2. UV:独立访客数(Unique Vistor,以Cookie为依据,同一天内一个用户多次访问,只记为一个)

3. VV:访客的访问次数(Visit View,以Session为依据,访客访问网站到关掉该网站所有页面即记为一次访问)

4. IP:独立IP数(即记录不同IP,同一IP访问多次算作一次)

5. 通常网站流量(traffic)是指网站的访问量,是用来描述访问一个网站的用户数量以及用户所浏览的网页数量等指标

   对于虚拟空间商来说流量是指:用户在访问网站过程中,产生的数据量大小

二、UV统计示例(也就是每天每个省份有多少人访问了该网站)

1. 分析需求

    1> 我们得到的是怎样的数据,找出共同点,会议map,shuffle,reduce都做了什么事

    2> 我们想要怎样的数据,列举出来

2. 实施计划注意的地方

    1> 数据以什么分隔,是否我们需要自定义数据类型

    2> 大致上我们需要过滤掉无效的记录

       使用自定义数据类型将我们需要的字段组合起来

       然后根据省份对记录累加(去重阶段)

    3> 数据类型可以不定义,使用Text将字段值组合即可

       然后转到reduce方法,建立hashMap对于数据根据时间和省份递增存储

       在cleanup中组合成想要的输出数据即可

三、UV统计代码示例

WebUvMr.java

============

package com.bigdata_senior.WebUvMr;

import java.io.IOException;

import java.util.HashMap;

import java.util.Map;

import java.util.Set;

import org.apache.commons.lang.StringUtils;

import org.apache.hadoop.conf.Configuration;

import org.apache.hadoop.fs.Path;

import org.apache.hadoop.io.LongWritable;

import org.apache.hadoop.io.NullWritable;

import org.apache.hadoop.io.Text;

import org.apache.hadoop.mapreduce.Job;

import org.apache.hadoop.mapreduce.Mapper;

import org.apache.hadoop.mapreduce.Reducer;

import org.apache.hadoop.mapreduce.lib.input.FileInputFormat;

import org.apache.hadoop.mapreduce.lib.output.FileOutputFormat;

public class WebUvMr {

	//Mapper Class

	private static class WordCountMapper extends Mapper<LongWritable, Text, Text, NullWritable>{

		private Text mapOutKey = new Text();

		@Override

		public void map(LongWritable key, Text value, Context context)

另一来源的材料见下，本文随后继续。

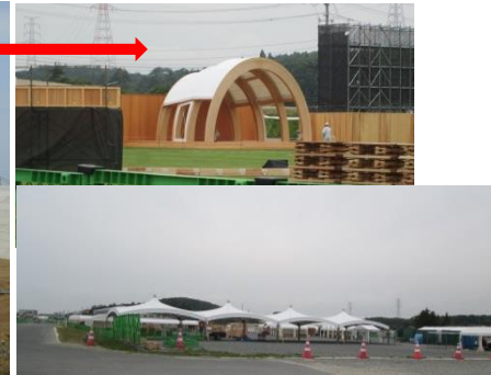
第 69 回全国植樹祭会場(2018.6.5)

				throws IOException, InterruptedException {

			String lineValue = value.toString();

			String [] strValue = lineValue.split("\t");

			if(30 > strValue.length){

				return;

			}

			String guidIdValue = strValue[5];

			if(StringUtils.isBlank(guidIdValue)){

				return;

			}

			String trackTimeValue = strValue[17];

			if(StringUtils.isBlank(trackTimeValue)){

				return;

			}

			String dateValue = trackTimeValue.substring(0,10);

			Integer proviceIdValue = Integer.MAX_VALUE;

			try{

				if(StringUtils.isBlank(strValue[23])){

					return;

				}

				proviceIdValue = Integer.valueOf(strValue[23]);

			}catch(Exception e){

				return;

			}

			mapOutKey.set(dateValue+"\t"+proviceIdValue+"_"+guidIdValue);

			//System.out.println("key--> "+mapOutKey+" value--> "+NullWritable.get());

			context.write(mapOutKey, NullWritable.get());

		}

	}

	//Reduce Class

	private static class WordCountReduce extends Reducer<Text, NullWritable, Text, LongWritable>{

		private Map<String,Integer> dateMap;

		private Text outputKey = new Text();

		private LongWritable outputvalue = new LongWritable();

		@Override

		protected void setup(Context context) throws IOException,

				InterruptedException {

			dateMap = new HashMap<String,Integer>();

		}

		@Override

		public void reduce(Text key, Iterable<NullWritable> values,Context context)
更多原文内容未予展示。